2015-09-05 18:18 GMT+02:00 Hartmut Kaiser <hartmut.kaiser@gmail.com>:
 
Only if the user does not know what he/she is doing. If all my Fiber is executing is a simple self-contained operation which does not rely on any contextual data (which in my experience is a large part of code which was written with parallelism/concurrency in mind),

hmm, my experience is that some times you are forced to use code/libraries from third parties you can not control/inspect (closed source), legacy code or large code base
 
All I can say is that allowing to move Fibers between kernel-threads works very well for us (HPX) and is one of the enabling functionalities for very high resource utilization in highly parallel applications.

so HPX does not permit the usage of TLS in user-code (which might be migrated to other threads)?
 
All of this certainly assumes that the user does not rely on TLS - and I agree this puts some restrictions on what can be done.

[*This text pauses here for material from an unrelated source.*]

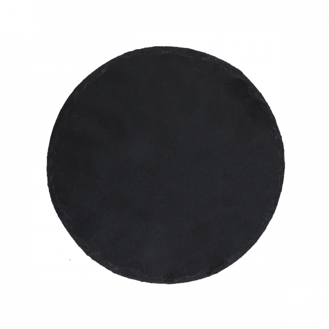Černý servírovací tác byl vyroben z břidlice v matném vzhledu a v kulatém tvaru. Není vhodný do myčky ani mikrovlnné trouby.

OK, so the question is which strategy boost.fiber should support - restricting the use of TLS or not.
 
As a Boost.Fibers library however, the decision whether to allow moving Fibers or not should not only be left to a separate scheduler/executor (as mentioned before),

wouldn't that be an alternative and reasonable strategy?
 
but in the first place this decision should be left to the user of the library. If you know it's safe to move Fibers as no TLS is involved, why not allow doing so?

boost.fiber needs to access the fiber_manager (for instance to suspend a fiber waiting on a mutex, joining another fiber ...) - this implies to store the fiber_manager in TLS.
otherwise boost.fiber could not support something like boost::this_fiber::yield().
OK, an alternative would be a global container (no in TLS), mapping thread and its fiber_manager - but such a lookup table would degrease performance.
How does HPX solve this issue? Does HPX provide this_fiber::yield() etc?

beside the TLS problem related to fiber_manager, boost.fiber might support migrating fibers.
you can customize the scheduling algorithm - so you could write your own scheduler which has access to the instance
running in the other threads. if the a custom scheduler encounters an empty local fiber-queue it might iterate over the other
scheduler instances and steal fibers.